---------- RECORDED INFORMATION ----------

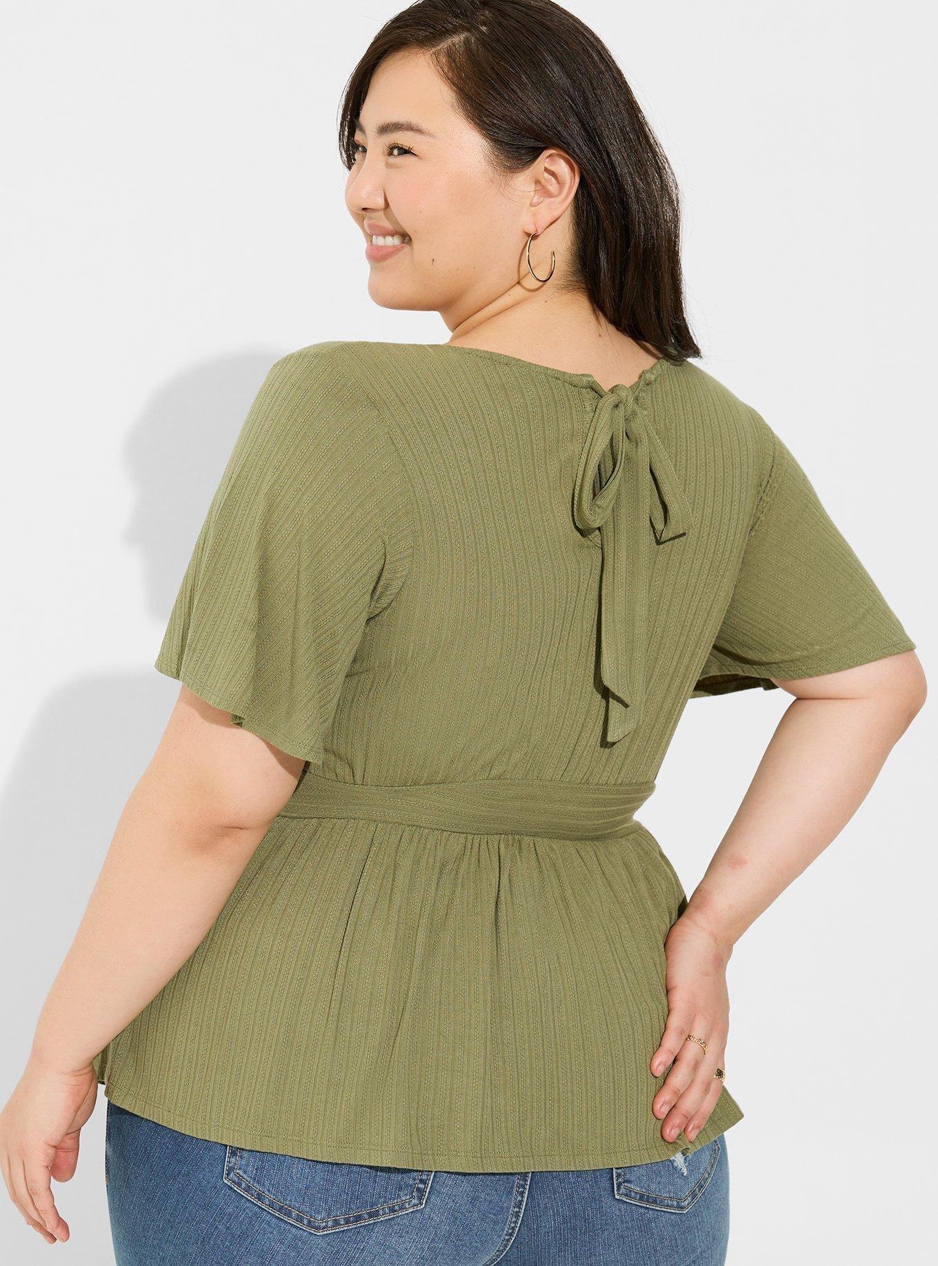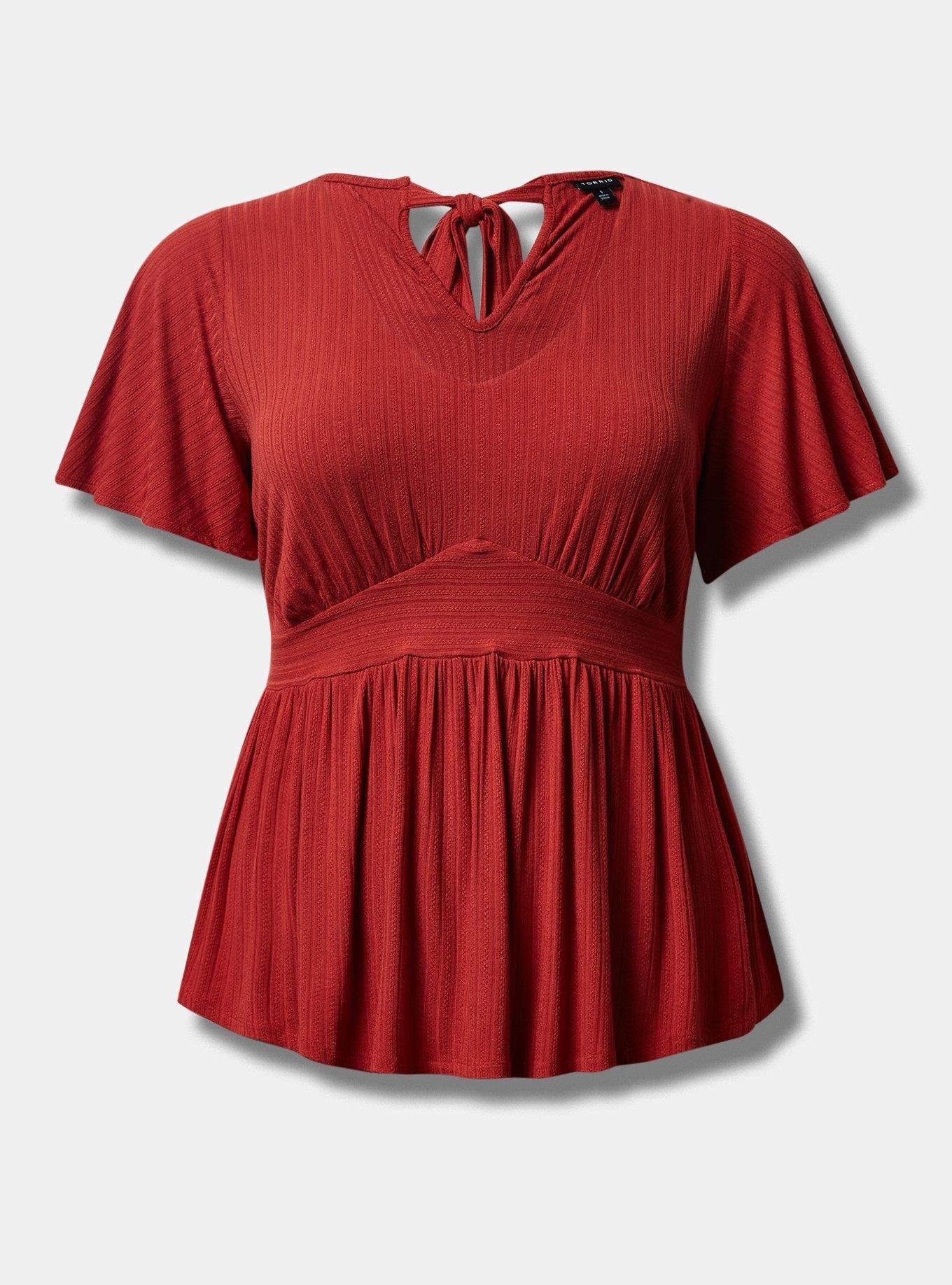 Plus Size Pointelle Rib V Neck Babydoll Top Torrid
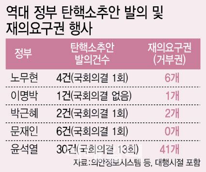 6일 정치권에 따르면 윤석열 정부(2022년 5월~2025년 4월) 기간 야당이 발의한 탄핵소추안은 무려 30건에 달한다. 이는 직전 19년간 4개 정부(노무현·이명박·박근혜·문재인정부) 기간 탄핵소추안 발의횟수(총 13건)와 비교해도 무려 2.3배나 많았다. 야당은 윤 정부 집권기간 매달 약 0.9건의 탄핵소추안을 발의한 셈이다.
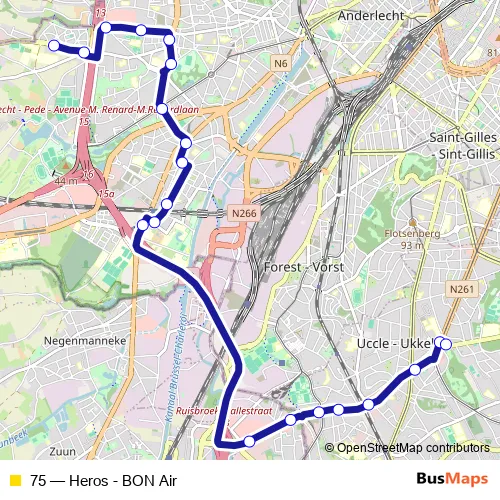 See why over 2 million users trust and consider busmaps.com as the best public transport website. busmaps gives you Brussels Buses suggested routes, real-time bus tracker, line route maps in Brussels, and helps to find the closest 75 bus stops near you. No internet available? Download an offline PDF map and bus schedule for the 75 bus to take on your trip.
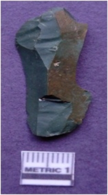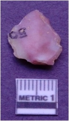 | Description / विवरण | It is a chert fragment having bulb of percussion on the ventral side. Flake scars on the surface. It has sharp edges and pointed ends. |
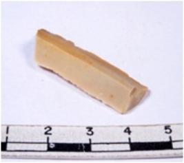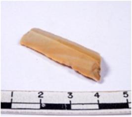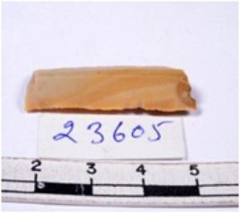 | Description / विवरण | A fragment of a rectangular shaped chert blade showing dorsal sides with sharp edges having smooth surface and triangular section. |
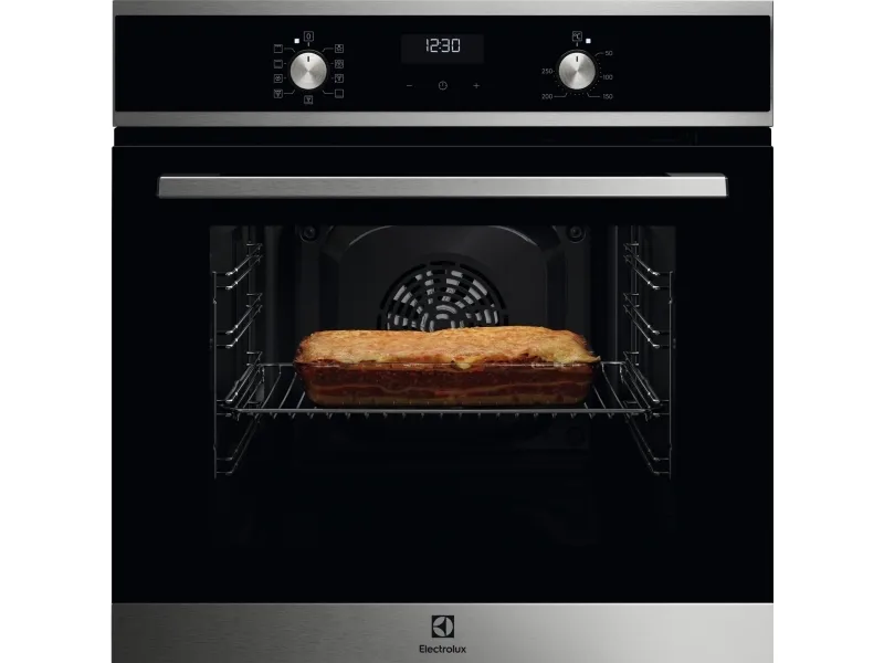 Electrolux EOF5H40BX. Oven size: Medium, Oven type: Electric, Total oven(s) interior capacity: 65 L. Appliance placement: Built-in, Product colour: Black, Control type: Rotary. Clock type: Electronic, Timer type: Digital. Energy consumption (conventional): 0.89 kWh, Energy consumption (forced convection): 0.78 kWh, Energy efficiency scale: A+++ to D. Lamps quantity: 1 lamp(s)
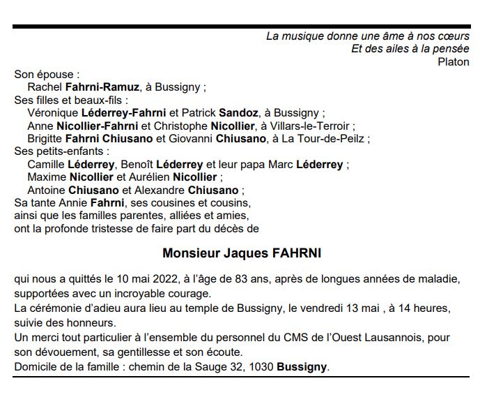 Monsieur Jaques FAHRNI 01 avr. 1939 - 10 mai. 2022 Avis mortuaire PFG Télecharger PDF Partager sur: Galerie PreviousNext PreviousNext
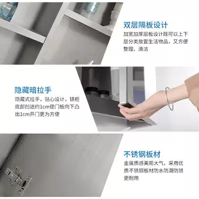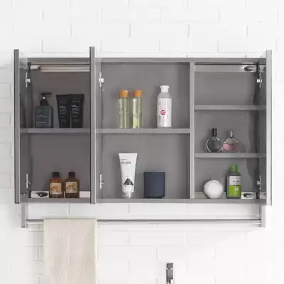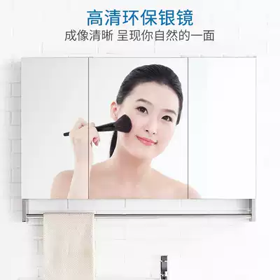 Stainless steel mirror cabinet with towel bar wash table bathroom storage mirror cabinet wall storage mirror box custom
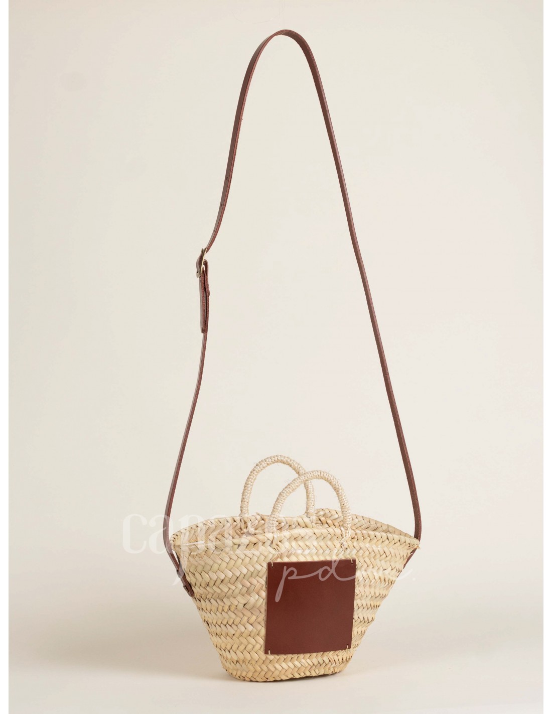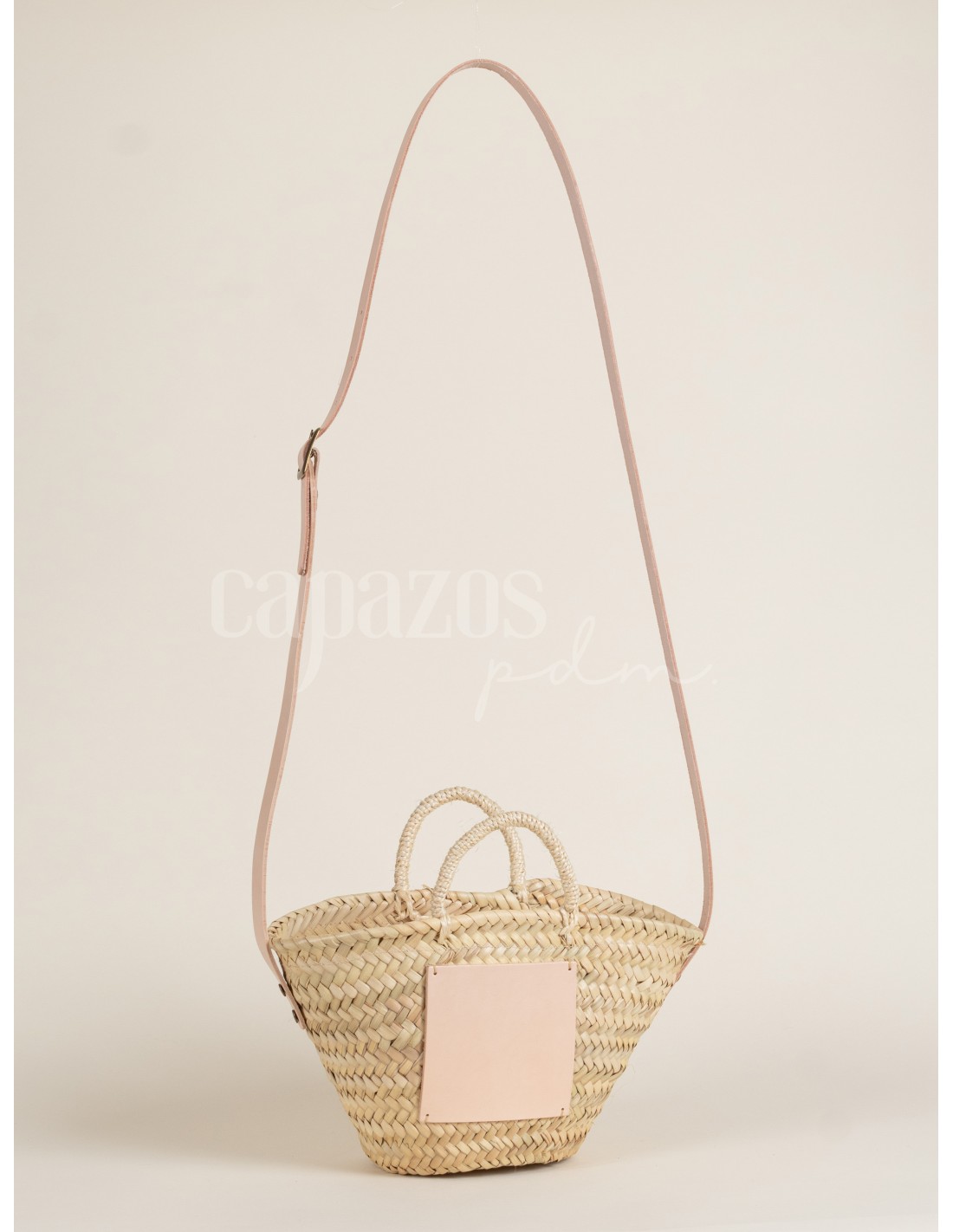 Capazo con asa de pita y de cruzar en piel + chapón mediano

----------

= TASK =
Copy exactly, with no pictures, the lines from the line containing "6일 정치권에 따르면" through the last line of the records above.

= TASK SOLUTION =
 6일 정치권에 따르면 윤석열 정부(2022년 5월~2025년 4월) 기간 야당이 발의한 탄핵소추안은 무려 30건에 달한다. 이는 직전 19년간 4개 정부(노무현·이명박·박근혜·문재인정부) 기간 탄핵소추안 발의횟수(총 13건)와 비교해도 무려 2.3배나 많았다. 야당은 윤 정부 집권기간 매달 약 0.9건의 탄핵소추안을 발의한 셈이다.
 See why over 2 million users trust and consider busmaps.com as the best public transport website. busmaps gives you Brussels Buses suggested routes, real-time bus tracker, line route maps in Brussels, and helps to find the closest 75 bus stops near you. No internet available? Download an offline PDF map and bus schedule for the 75 bus to take on your trip.
 | Description / विवरण | It is a chert fragment having bulb of percussion on the ventral side. Flake scars on the surface. It has sharp edges and pointed ends. |
 | Description / विवरण | A fragment of a rectangular shaped chert blade showing dorsal sides with sharp edges having smooth surface and triangular section. |
 Electrolux EOF5H40BX. Oven size: Medium, Oven type: Electric, Total oven(s) interior capacity: 65 L. Appliance placement: Built-in, Product colour: Black, Control type: Rotary. Clock type: Electronic, Timer type: Digital. Energy consumption (conventional): 0.89 kWh, Energy consumption (forced convection): 0.78 kWh, Energy efficiency scale: A+++ to D. Lamps quantity: 1 lamp(s)
 Monsieur Jaques FAHRNI 01 avr. 1939 - 10 mai. 2022 Avis mortuaire PFG Télecharger PDF Partager sur: Galerie PreviousNext PreviousNext
 Stainless steel mirror cabinet with towel bar wash table bathroom storage mirror cabinet wall storage mirror box custom
 Capazo con asa de pita y de cruzar en piel + chapón mediano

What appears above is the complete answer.